Timothy berusia dua belas tahun ketika orang tuanya membelikannya komputer untuk kamar, berpikir itu akan membantunya mengerjakan pekerjaan rumahnya, saat ia memasuki sekolah dasar. Timothy segera menggunakan Internet dan segera menemukan ruang obrolan dan email. Awalnya, orang tua Timothy secara teratur memantaunya untuk memastikan dia menggunakan Internet dengan aman. Setelah beberapa saat, mereka berhenti memantau kebiasaan online-nya. Namun, masalah segera muncul. Timothy mulai menghabiskan seluruh waktu luangnya di kamar tidurnya, dan menjadi depresi ketika diminta untuk menghabiskan waktu bersama keluarganya. Nilai rata-ratanya turun dari A ke D dan dia menjadi mudah tersinggung dan mudah tersinggung ketika dia jauh dari komputernya. Timothy berisiko tinggi untuk kecanduan internet.

Komputer telah lama digunakan oleh anak-anak dan orang dewasa sebagai sumber informasi yang dapat diandalkan. Lebih dari 20% anak-anak sekarang memiliki komputer di kamar mereka sendiri dan melalui Internet memiliki akses ke sumber informasi dan interaksi yang tidak terbatas. Namun, risiko kecanduan sangat besar di antara anak-anak yang terpapar Internet tanpa pedoman orang tua yang kuat.

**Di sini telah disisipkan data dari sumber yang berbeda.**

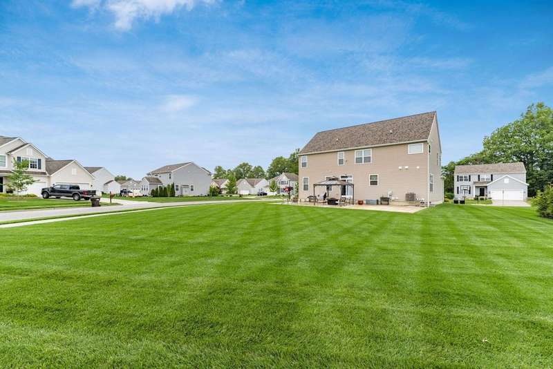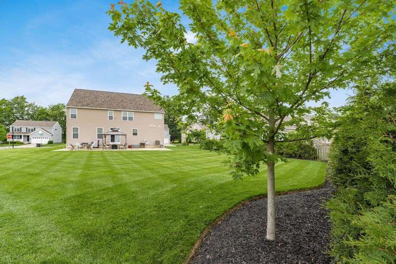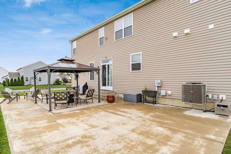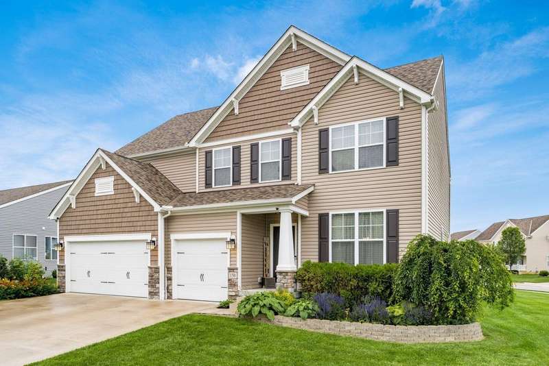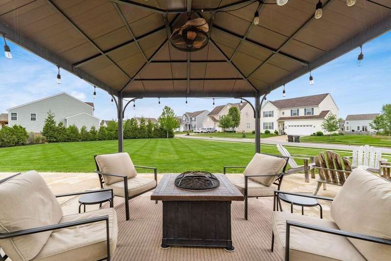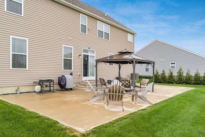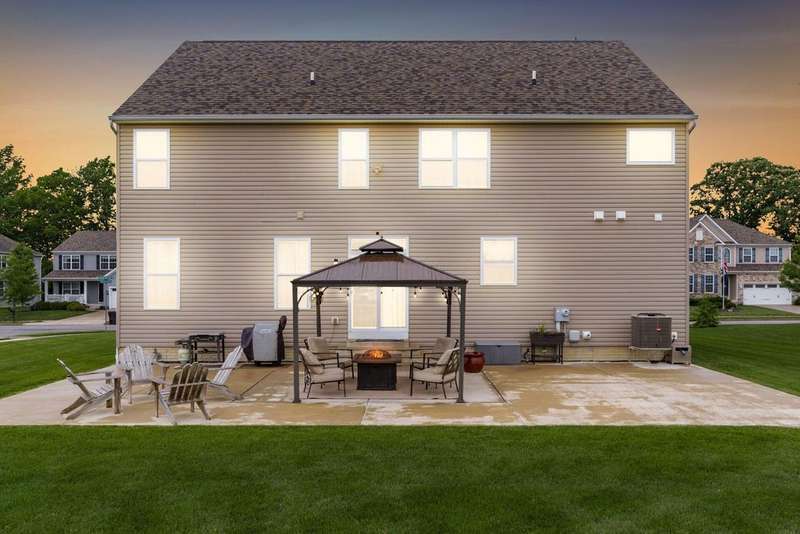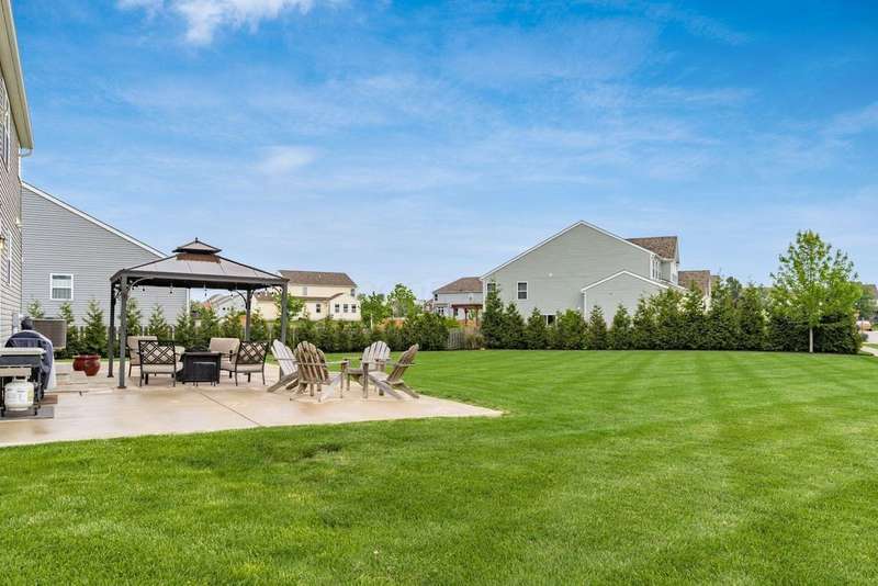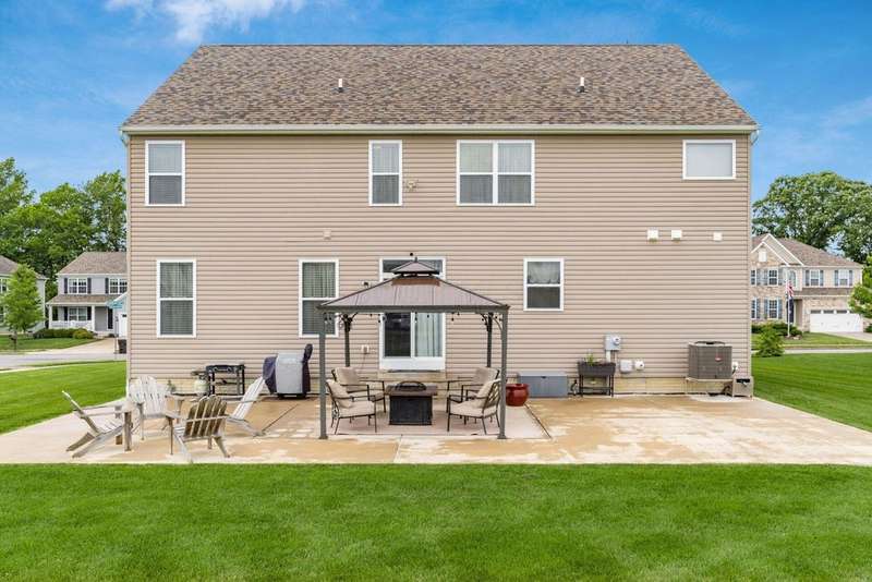 Welcome to this beautifully maintained 4 bedroom, 2.5 bath home on an oversized lot in a desirable community with a pool, large green space, and multiple walking paths. This home has a 3-car garage, gorgeous stone accents, and professional landscaping that adds to its curb appeal.Inside, you'll find real hardwood floors and a spacious open-concept layout. The main level includes a formal dining room, a dedicated home office, and a large living area that flows into the kitchen and eating space. The layout is perfect for both entertaining and everyday life.Upstairs, you will first find a loft, with a closet, that offers the option to easily convert to a fifth bedroom. The primary suite, with tray ceilings, is a generous size and offers two closets, a private en-suite with a soaking tub, and stand-alone shower.Step outside to enjoy the backyard oasis with a large patio, covered gazebo, and built-in gas lines for a grill or fire pit. The full basement features 9-foot ceilings and a bathroom rough-in, ready to be finished for additional living space.This move-in-ready home is ready to for you!

Penggunaan internet yang berlebihan di kalangan anak-anak dapat menyebabkan masalah kesehatan seperti obesitas, sakit kepala dan kesehatan umum karena kurangnya aktivitas fisik. Anak-anak mungkin menjadi tidak adaptif secara sosial dan kurang mampu berkomunikasi dengan baik dengan teman dan keluarga. Pedofil dapat dan memang menargetkan anak-anak secara online. Ada risiko tinggi bahwa anak-anak yang menggunakan Internet secara berlebihan akan terpapar konten seksual yang tidak pantas serta penipuan. Bermain game dan penggunaan layanan online secara berlebihan juga dapat mengakibatkan anak menghabiskan uang tanpa sepengetahuan orang tuanya. Terakhir, mayoritas game online populer menggambarkan penggunaan kekerasan yang berlebihan. Melihat kekerasan sepele di dunia maya, seperti televisi atau internet telah dikaitkan dengan peningkatan yang signifikan dalam perilaku kekerasan di kalangan pemirsa muda.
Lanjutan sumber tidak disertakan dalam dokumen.